Yours? Oh, couldn't have gone any better.
Well, we'll find out soon enough.
Yeah.
Hey, whatever happens, good game, man.
Same.
- Cheers.
- Yeah, cheers.
God, I hope I win, though.
I really hope you lose.
I also hope Greg dies.
Ooh, were you thinking San Andreas Fault? I was actually thinking lightning bolt.
It's quick, it's painless.
Mm.
You know, I do like the guy.
Oh, yeah.
Me, too.
(both chuckle) (quiet chatter) Well, it's gonna take a long time to fix it.
Something about the trans carburetor I'm being lied to, and it's gonna be very expensive.
- (laughs) - And our date's already ruined because we're gonna miss our start time for our takeoff, so Uh, takeoff? It's a long story.
Never mind.
Just Hey, can I be honest with you? Yeah.
I've been dreading this whole thing.
Not being with you.
That part I love.
Just the date I had planned, it's so not me.
It's so very Bernie.
Weird guy.
- Who's - The bow tie.
- Oh, okay.
- Mm-hmm.
I got to tell you something.
When I ran into you, I was literally seconds away from texting you and canceling the date.
Not because I don't like spending time with you, but I just All these dates, it's just so exhausting, it's so much pressure.
Right.
So this date is off? Looks like it.
BOTH: Oh, thank God.
(both chuckle) Oh Well, if you're gonna be here for the next few hours, I'll just wait with you.

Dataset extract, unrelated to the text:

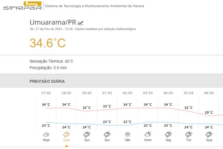 Esta terça-feira (27) deve estar agradável para os amantes do calor que vivem na Capital da Amizade. O mesmo não pode ser dito para para os que preferem o tempo frio, pois apesar dos termômetros de Umuarama registrarem 34°C na tarde de hoje – o que já é considerado muito quente – a sensação térmica extrapolou o esperado e atingiu 42°C por volta das 13h30.
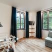 “Just in Front” is a spacious and bright apartment located in Cernobbio, a town just outside the city, only 7 km from Como. The apartment is on the second floor and enjoys a lovely view of the garden and greenhouses of Villa Erba. Its location is ideal, close to the center of Cernobbio, the lake, and the ferry departure point, as well as being strategic for all the internationally renowned events held in Cernobbio, such as the Concorso d'Eleganza of Villa d'Este, Proposte, and Fuori Salone.

Really? You would do that? Yeah.
I got nothing to do.
I just found out my date canceled.
(chuckles) Hey, so, uh, did you eat yet? No, I was waiting for you to eat, but I would eat now.

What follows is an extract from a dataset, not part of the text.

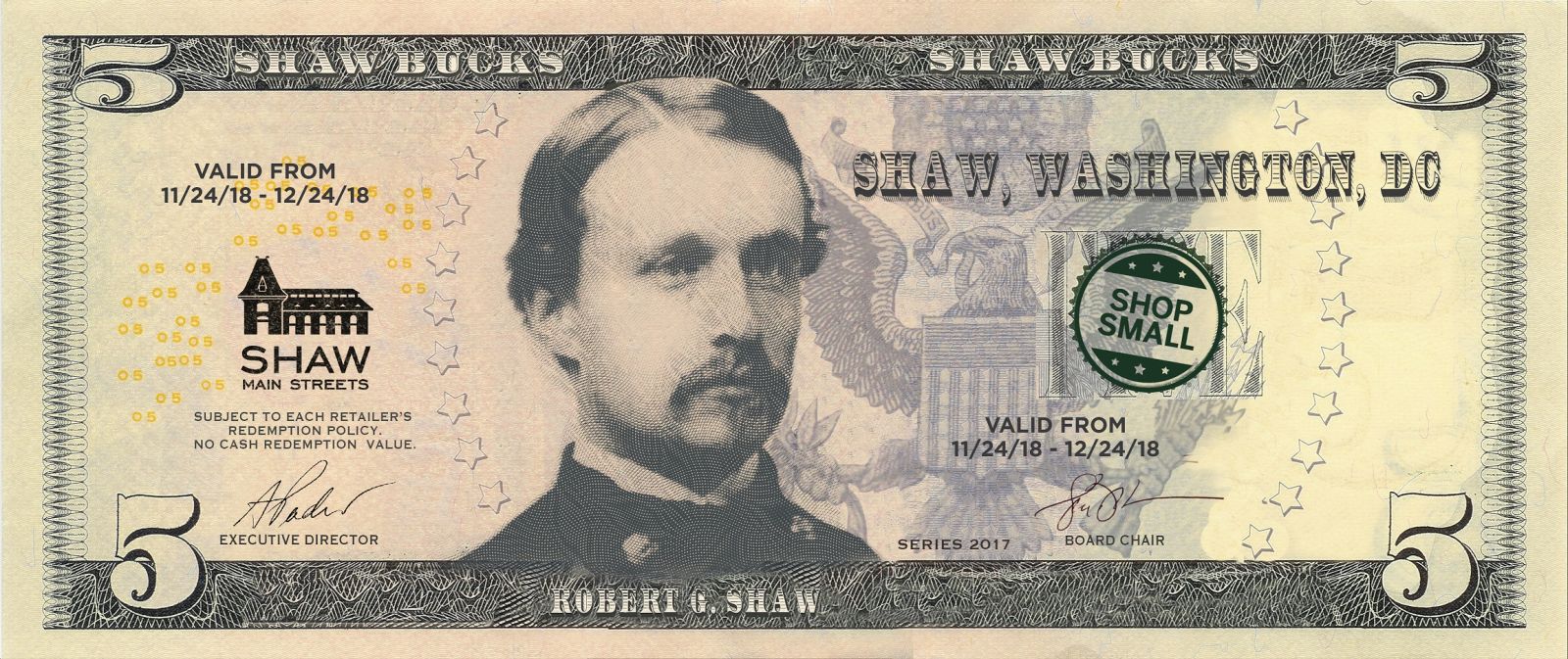 $25,000 worth of $5 "Shawbucks" have been printed on the back cover of the 11/18 amd 12/18 editions of Mid City DC and distributed at retail locations throughout Shaw. Clip and use your “Shawbucks” at participating Shaw Main Streets businesses just like cash! These $5 bills will be deducted from the cost of your purchase. (One Shawbuck per establishment. Minimum purchase required. Valid 11/24/18-12/24/18. Ask each participating retailer for details.)

Do you want to go somewhere? Uh, I more feel like ordering.
Ooh, I would do that.
Yeah? What do you want? What are you in the mood for? Um, Italian? I have that all the time at work.
- Right, of course.
Yeah.
- What about Thai? I had that for lunch, but any other place.
Really, you pick.
Okay, well, I picked last time.
Oh, you did, and we went to that Indian place, which I loved.
Mm-hmm.
Do you want to do that again? No, you know what I want? I want that new taco place.
- The one on East Cameron? I heard that's amazing.
- Yes.
- Right? It's - Okay.
Okay.
- So I-I want to see if they deliver.
- Yeah, sure.
I'll pull up the menu.
Let's see.
Okay, I'm gonna pull up the menu.
You have to decide what you want beforehand because, no, I cannot be on the phone and have you shouting your order in my ear.
It's not my fault that I realize what I want when I hear what you're getting.
I understand it's not your fault, but it's very irritating and very annoying, and we've had many discussions about it, so just make a Here you go, here's the menu.
Do I like chilaquiles? Yeah, of course you do, with the Verde.
Right, right, right, right, yes.
Okay, I want to get that.
Okay.
Hey.
You're the love of my life.
You know that, right? Well, I do now.